An abundance of food could trigger this microbe’s strange transformation
A single-celled organism named Gigatrox Euplotes sometimes transforms into a supergiant and eats its normal-sized siblings.
Ben T. Larson
A newly discovered microbe is like a mini version of the Hulk.
Gigatrox Euplotes is unicellular protist which looks like an insect. It feeds on bacteria and other tiny microbes. Sometimes a small number of protists “supergiant” balloon more than twice their usual size. The enormous cells cannibalize their smaller, genetically identical brethren. The triggers for this change aren’t entirely clear, but it tends to happen when there’s enough food, researchers reported May 14 in the journal. Proceedings of the National Academy of Sciences.
The transformation happens in stages, says Ben Larson, a cell biologist at Rensselaer Polytechnic Institute in Troy, New York, who discovered the microbes in gunk scraped from an aquarium filter on Curaçao.
First, “a cell makes a big mouth and it starts running like crazy,” Larson explains. At this point, they’re not very good at cannibalism, but if a future Hulk manages to capture one of his siblings or cousins in his enlarged mouth, “the cell’s body plan resizes, and they grow to become these enormous cannibalistic supergiants.”
And like Bruce Banner and the Hulk, giants and normal-sized cells behave differently. In addition to cannibalism, large cells walk in circles and no longer swim like small cells can.

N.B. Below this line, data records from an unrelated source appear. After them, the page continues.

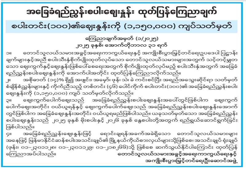အခြေခံရည်ညွှန်းစပါးဈေးနှုန်း ထုတ်ပြန်ကြေညာချက်
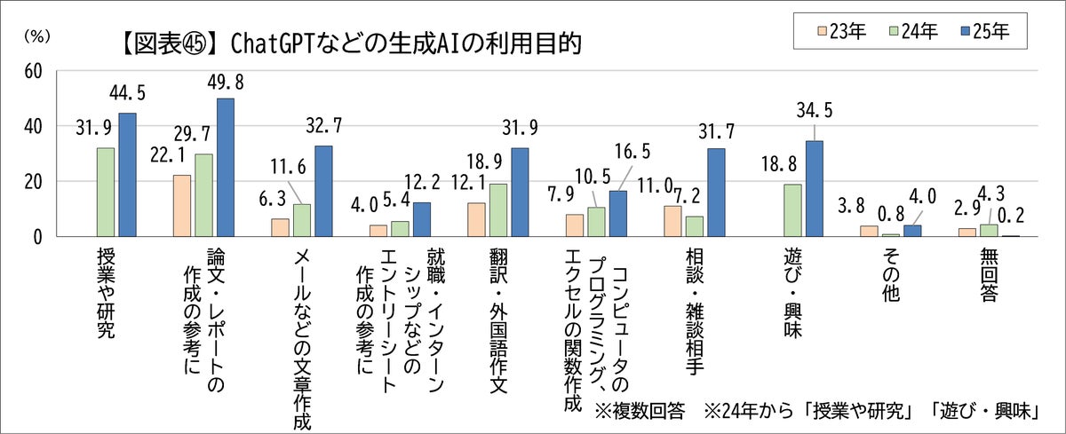 生成AIの利用は、2023年から2025年にかけて急速に広がり、2025年には利用経験者が9割を超えた。関心段階から実際の利用段階への移行が進んでいることがうかがえる。生成AIの利用目的は、授業・研究やレポート作成など学修関連が中心であり、翻訳や相談相手など補助的・日常的な用途にも広がっている。
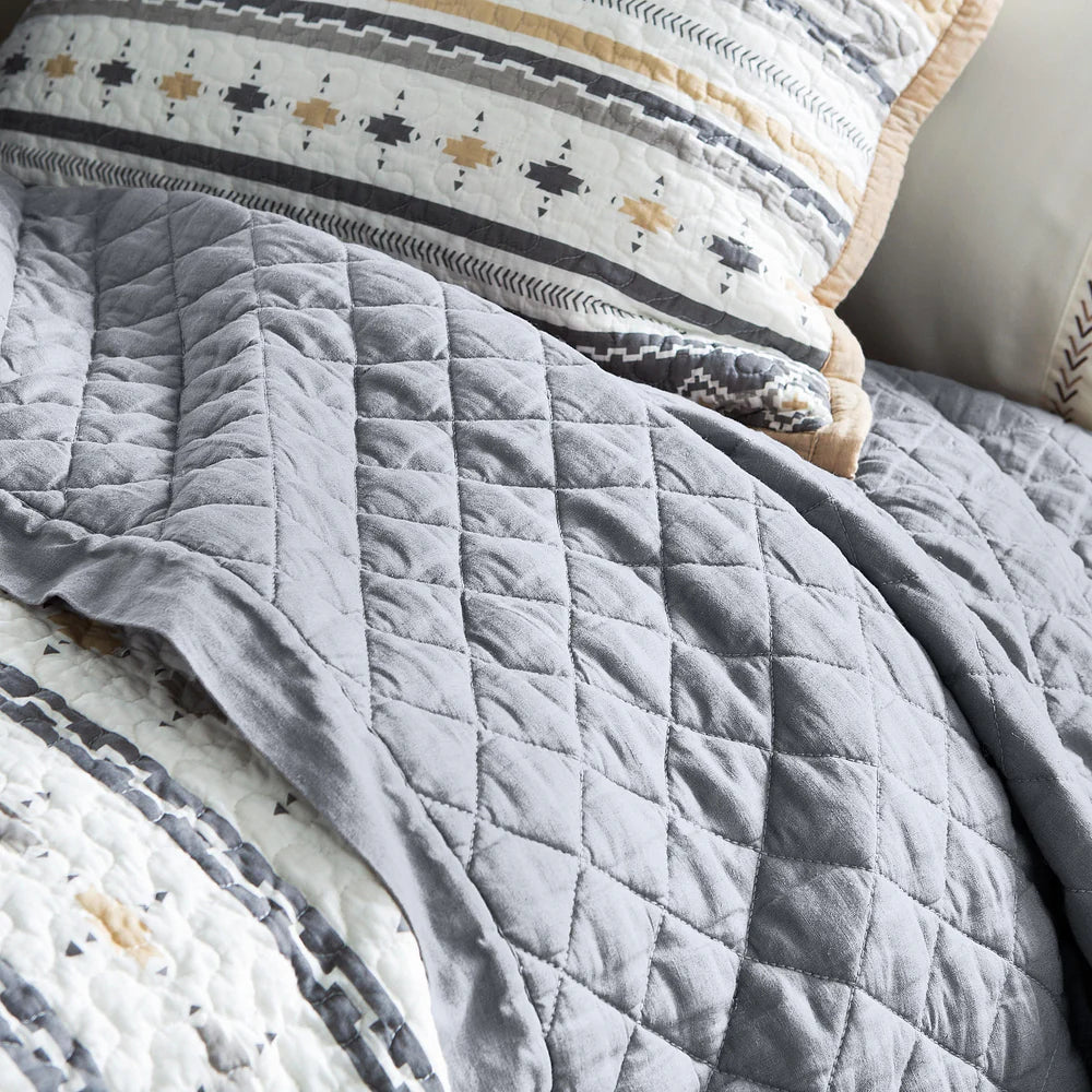 • A soft, modern take on Southwestern style, Desert Sage presents Aztec kilim in a refreshing palette of grays and tans. Stipple quilting softens the bold geometric patterns, which are corralled in a tan flange border. Add style as well as softness with our Linen Cotton Diamond Quilt, or texture through our velvet, woven leather, and washed linen pillows and shams. Desert Sage also features a coordinating canister set.

Giants can return to their previous size by dividing asymmetrically. Hulks can produce nine normal-sized offspring each in a 24-hour period and up to 16 in 120 hours. Normal size E. gigatrox divide only once in 24 hours. With each unbalanced division, the giant cells shrink until they return to their normal size and behavior.
Up to 42 percent of the organism’s genes are involved in transitions from normal to supergiant size and vice versa, Larson and his colleagues found. Learning how protists transform could help researchers understand how simple organisms can develop complex behaviors, and perhaps how multicellular life evolved.